Leonard also played for the St. Louis Rams, Cleveland Browns, Carolina Panthers, New England Patriots, and Denver Broncos.

==Early life==
Born in Los Angeles and raised in nearby Compton, Leonard attended Verbum Dei High School in Los Angeles, where as a senior he made 106 tackles (18 for a loss), seven sacks, and four fumble recoveries. He was a first-team All-CIF and All-League selection, and was named to the Los Angeles Times All-Central City first-team.

==College career==
Leonard played college football for the Fresno State Bulldogs. After redshirting in 2002, Leonard played in nine games as a freshman in 2003, recording five tackles.
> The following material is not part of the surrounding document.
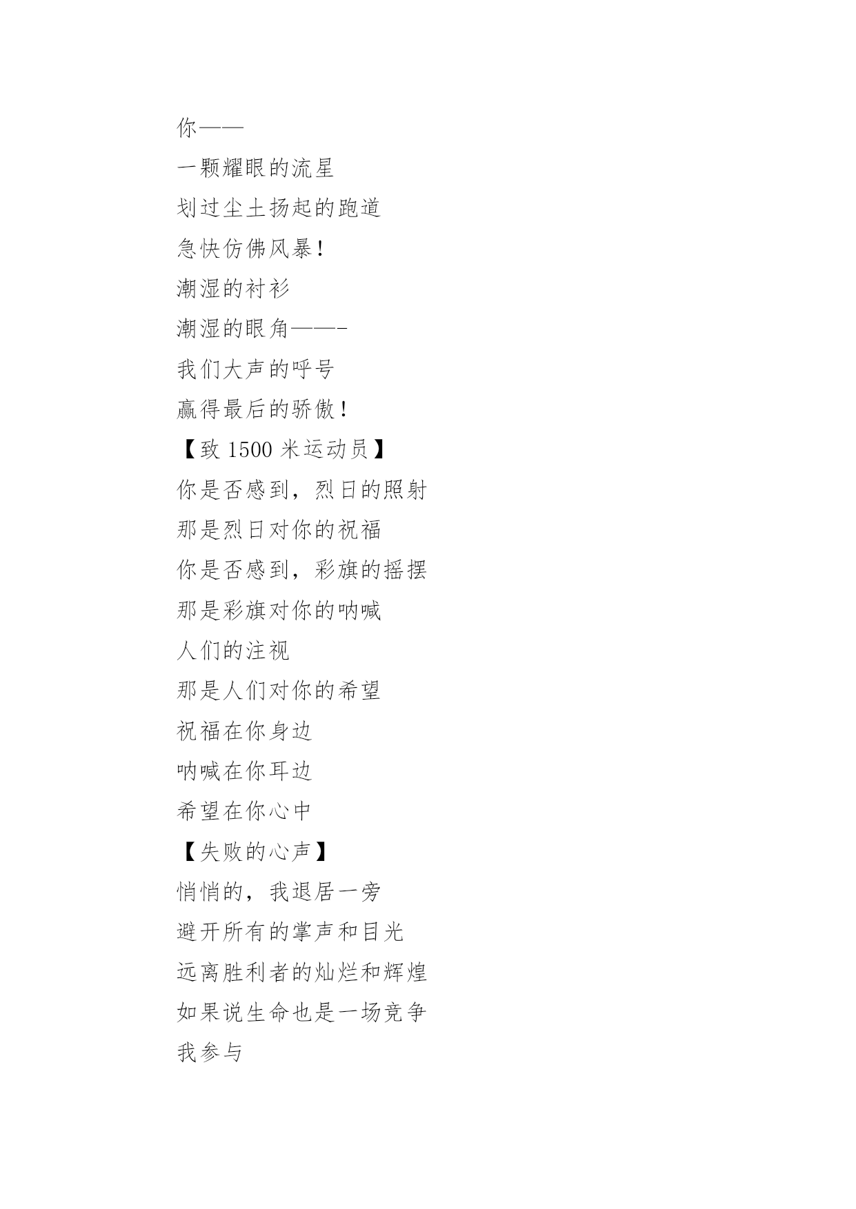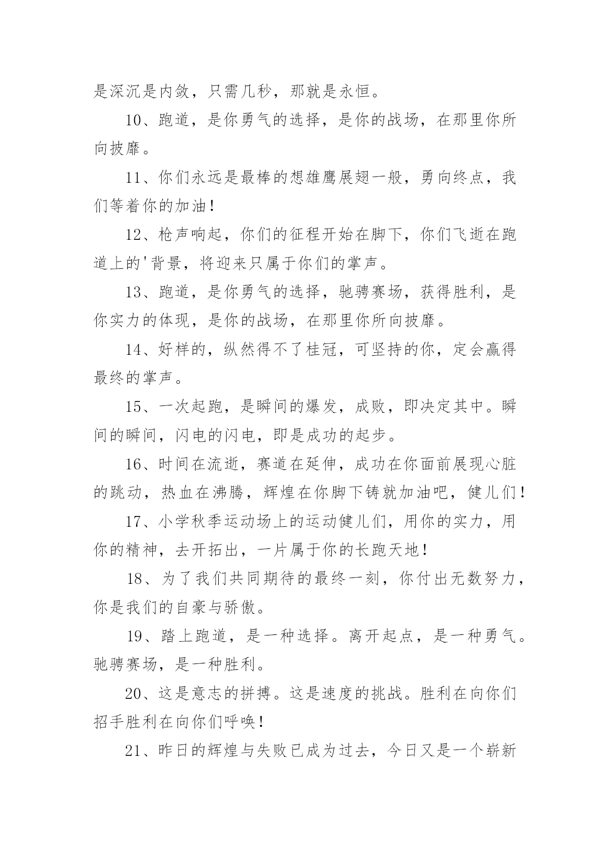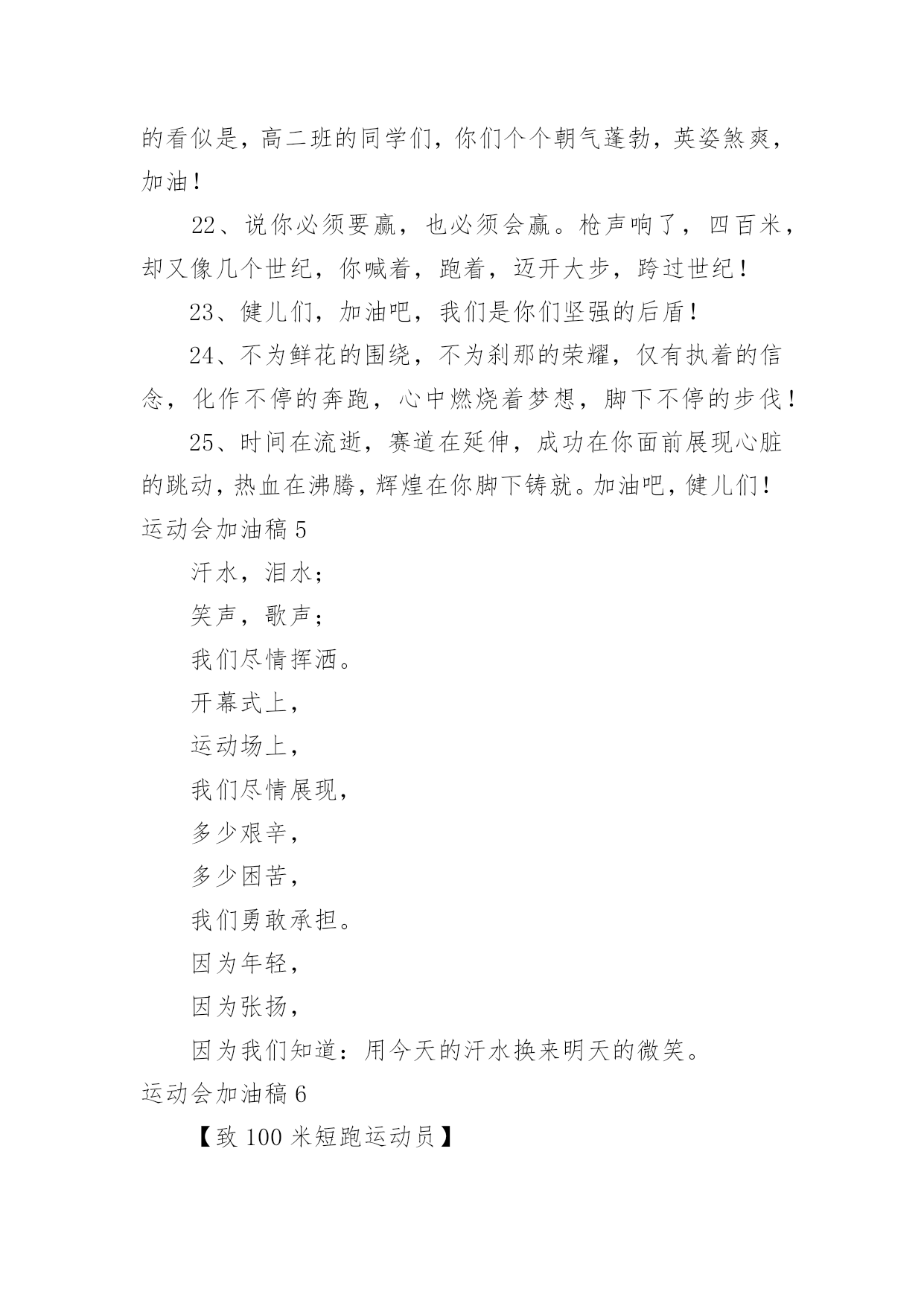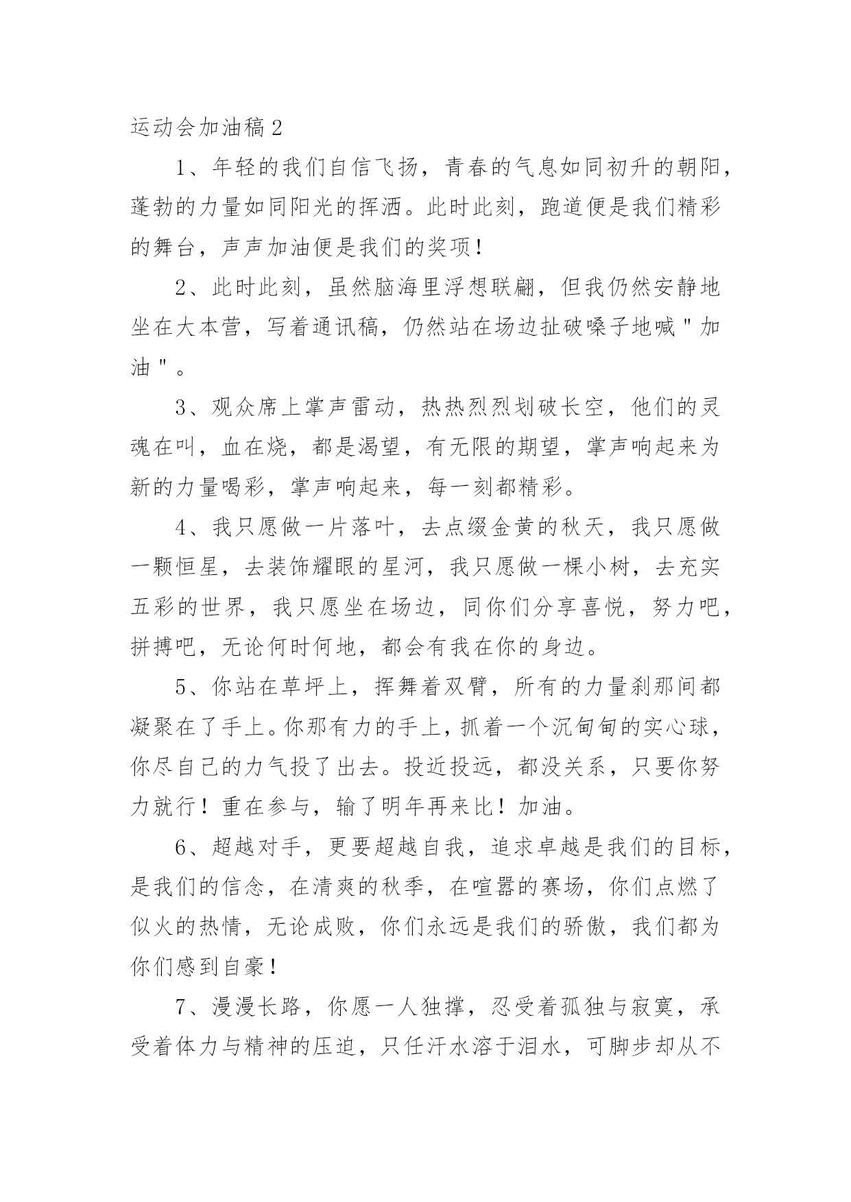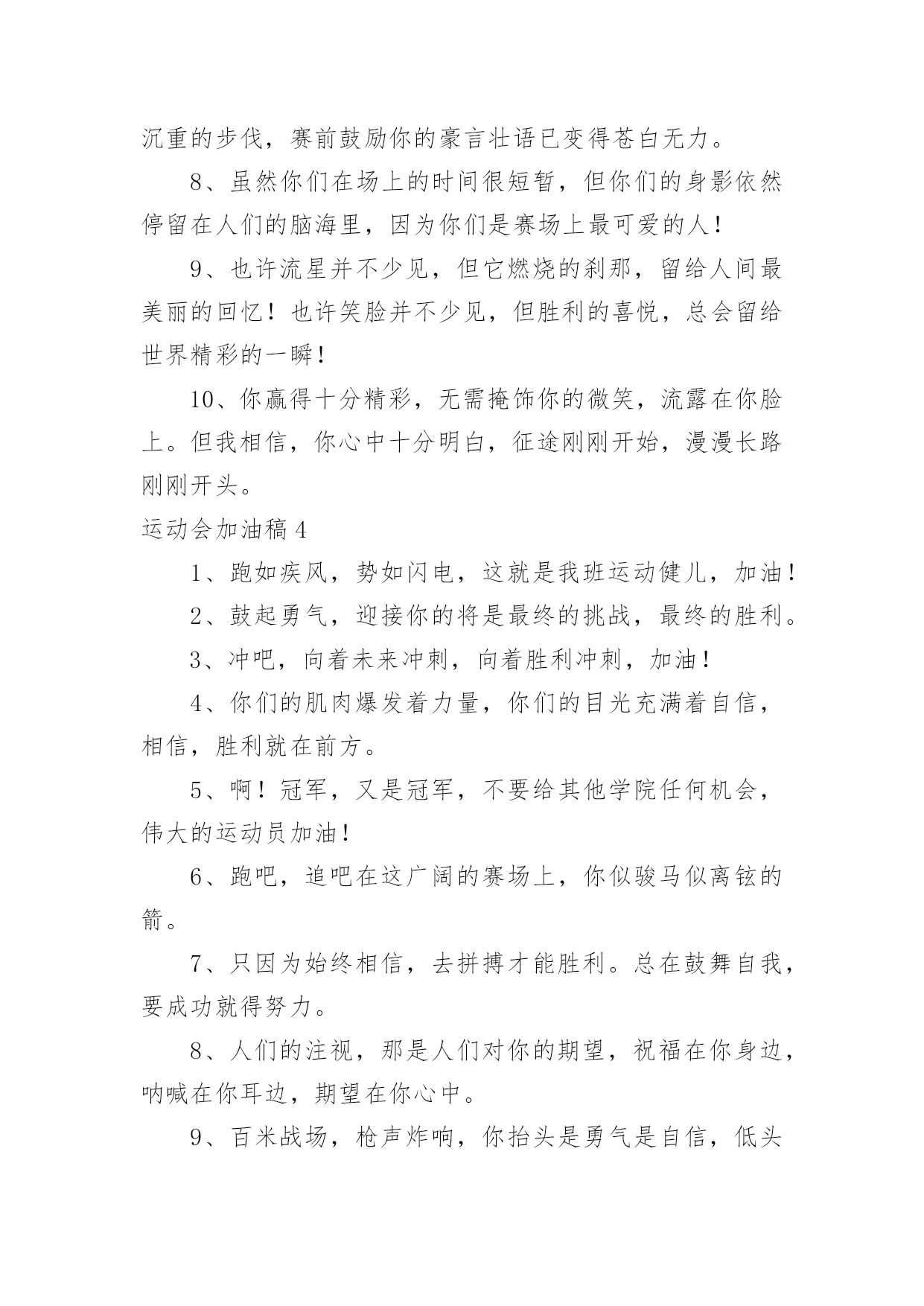 运动会加油稿运动会加油稿在生活中,用到加油稿的地方越来越多,借助加油稿可以点燃对方的激情,激发对方的斗志。你知道加油稿怎样才能写的好吗?以下是小编帮大家整理的运动会加油稿,仅供参考,大家一起来看看吧。运动会加油稿11、不为掌声的诠释、不为刻意的征服、只有辛勤的汗水化作追求的脚步、心中坚定的信念、脚下沉稳的步伐、你用行动诉说着一个不变的真理、没有比脚更长的路、没有比人更高的山、希望在终点向你招手、努力吧用你坚韧不拔的毅志、去迎接终点的鲜花与掌声、相信成功属于你们。2、深深的呼吸,等待你的是艰难的米。相信胜利会属于你们。但在这征途上,需要你勇敢的心去面对。我们在为你加油,你是否听到了我们发自心中的呐喊?困难和胜利都在向你招手,去呀,快去呀,不要犹豫。快去击败困难、快去夺取胜利!相信你会送给我们一个汗水浸湿的微笑!3、这是意志的拼搏,这是速度的挑战,胜利在向你们招手,胜利在向你们呼唤!4、踏上跑道,是一种选择。离开起点,是一种勇气。驰骋赛场,是一种胜利。5、看,终点就在眼前;听,同学为你呼喊。鼓起勇气奋力向前,用你的荣誉带给我们希望。6、运动健将们,用你的`实力,用你的精神,去开拓出,一片属于你的长跑天地!7、不为掌声的注释,不为刻意的征服,不为失败的痛苦,只有辛勤的汗水,化作成功的脚步!8、不为鲜花的围绕,不为刹那的荣耀,只有执着的信念,化作不停的奔跑,心中燃烧着梦想,脚下不停的步伐!9、你用行动述说着过程的重要,没有无尽的终点,没有无法攀登的险峰,希望载着终点在向你微笑,拼搏吧!经历是一种精彩,迸发你全部的能量,成功是你汗水的写照。10、你们挥舞着充满力量的双臂,看着实心球化成美丽的弧线,我着实在心里佩服你们,你们抛出了自己的最佳水平。11、环形的跑道一圈又一圈的坚持,毅力与精神活跃在会场上,湿透的衣衫,满头的大汗,无限追求、奋力追赶,我们为你欢呼跳跃,我们为你骄傲。12、朋友,在你走上跑道那一刻,告诉自己,无论成功与否,微笑着跑完全程,只要年轻的心还在不停地跳动,就要大声告诉自己——我无所畏惧。13、亲爱的运动健儿们,加油吧!洒一把艰辛的汗水,继续抬起疲倦的脚步,爆发的一吼气贯长虹,继续向前,不论成功与否,你已曾经拥有。曾记否,在终点欢呼,震惊四周。14、无论成功与否,我们永远铭记这充满奋斗印记的阳光灿烂的日子15、无论你成功与否,刹那属于你。而你,一定属于永恒!16、只要你没有遗憾地奋斗了,你就不必失望,你的生命已放出了闪光!17、成功永远属于每一个勇敢者!18、我们为你呐喊,力量给你信心给你,因为我们知道那一步步的前进十分勇敢。我们为你呐喊,虽然显得火热,但却希望你能加油。19、你带来的,是拼搏的精神;你带走的,是悦耳的呐喊;你付出的,是淋漓的汗水;你收获的,是轰鸣的掌声。运动的盛会为你们而召开,观众的掌声为你们而拍响,雄壮的号角为你们而擂起,成功的花朵为你们而芳香!20、你是运动场的心脏,跳动梦想;你是漫长路的精神,激励辉煌;你们是将上下求索的人!风为你加油,云为你助兴,坚定,执着,耐力与希望,在延伸的白色跑道中点点凝聚!力量,信念,拼搏与奋斗,在遥远的终点线上渐渐明亮!时代的强音正在你的脚下踏响。21、拼搏者,你是赛场上最亮的点。在你的眼中,不在乎胜利的欢乐和失败的眼泪,完全只是为了展示生命跳跃的节拍。拼搏者,你是生命乐章中最响的音符。在你的心中,只有不停拼搏的信念,用自己坚实的步伐去迈开人生新的旅程。场上的拼搏者,你是我们永远的骄傲!运动会加油稿21、年轻的我们自信飞扬,青春的气息如同初升的朝阳,蓬勃的力量如同阳光的挥洒。此时此刻,跑道便是我们精彩的舞台,声声加油便是我们的奖项!2、此时此刻,虽然脑海里浮想联翩,但我仍然安静地坐在大本营,写着通讯稿,仍然站在场边扯破嗓子地喊"加油"。3、观众席上掌声雷动,热热烈烈划破长空,他们的灵魂在叫,血在烧,都是渴望,有无限的期望,掌声响起来为新的力量喝彩,掌声响起来,每一刻都精彩。4、我只愿做一片落叶,去点缀金黄的秋天,我只愿做一颗恒星,去装饰耀眼的星河,我只愿做一棵小树,去充实五彩的世界,我只愿坐在场边,同你们分享喜悦,努力吧,拼搏吧,无论何时何地,都会有我在你的身边。5、你站在草坪上,挥舞着双臂,所有的力量刹那间都凝聚在了手上。你那有力的手上,抓着一个沉甸甸的实心球,你尽自己的力气投了出去。投近投远,都没关系,只要你努力就行!重在参与,输了明年再来比!加油。6、超越对手,更要超越自我,追求卓越是我们的目标,是我们的信念,在清爽的秋季,在喧嚣的赛场,你们点燃了似火的热情,无论成败,你们永远是我们的骄傲,我们都为你们感到自豪!7、漫漫长路,你愿一人独撑,忍受着孤独与寂寞,承受着体力与精神的压迫,只任汗水溶于泪水,可脚步却从不停歇。8、时间在流逝,赛道在延伸,成功在你面前展现

In 2004, Leonard played in nine games, starting three, and had eight tackles. As a junior in 2005, he started all 13 games, finishing with 26 tackles and 2.5 sacks. In 2006, his final season, Leonard started all 12 games, recording 26 tackles and three sacks.

==Professional career==

===San Diego Chargers===
Leonard was originally signed by the San Diego Chargers as an undrafted rookie free agent on May 4, 2007, was waived on September 1, 2007, and re-signed to the team's practice squad two days later.

===St. Louis Rams===
After spending the first week of the 2007 season on the Chargers' practice squad, Leonard was signed by the St. Louis Rams to their active roster on September 12, 2007, but was waived on October 6, 2007, after being inactive for three games.

===Cleveland Browns===
Leonard was claimed by the Cleveland Browns off waivers on October 8, 2007. He played in four games during his rookie season. With the Browns in 2008, Leonard played in all 16 games, starting four at defensive end in place of an injured Shaun Smith. He finished his second season with 25 tackles.

===Carolina Panthers===
Leonard was traded to the Carolina Panthers in exchange for a sixth-round selection in the 2010 NFL draft on September 1, 2009. He played in two games for the Panthers, starting one, and recording six tackles before being placed on injured reserve with a fractured ankle on September 22, 2009. Leonard was re-signed as a restricted free agent after the season but was waived on September 28, 2010, after playing in two games for the Panthers in 2010.

===New England Patriots===
Leonard was signed by the New England Patriots on December 15, 2010. He was waived by the Patriots on December 21, 2010.

===Denver Broncos===
Leonard was signed by the Denver Broncos on December 27, 2010.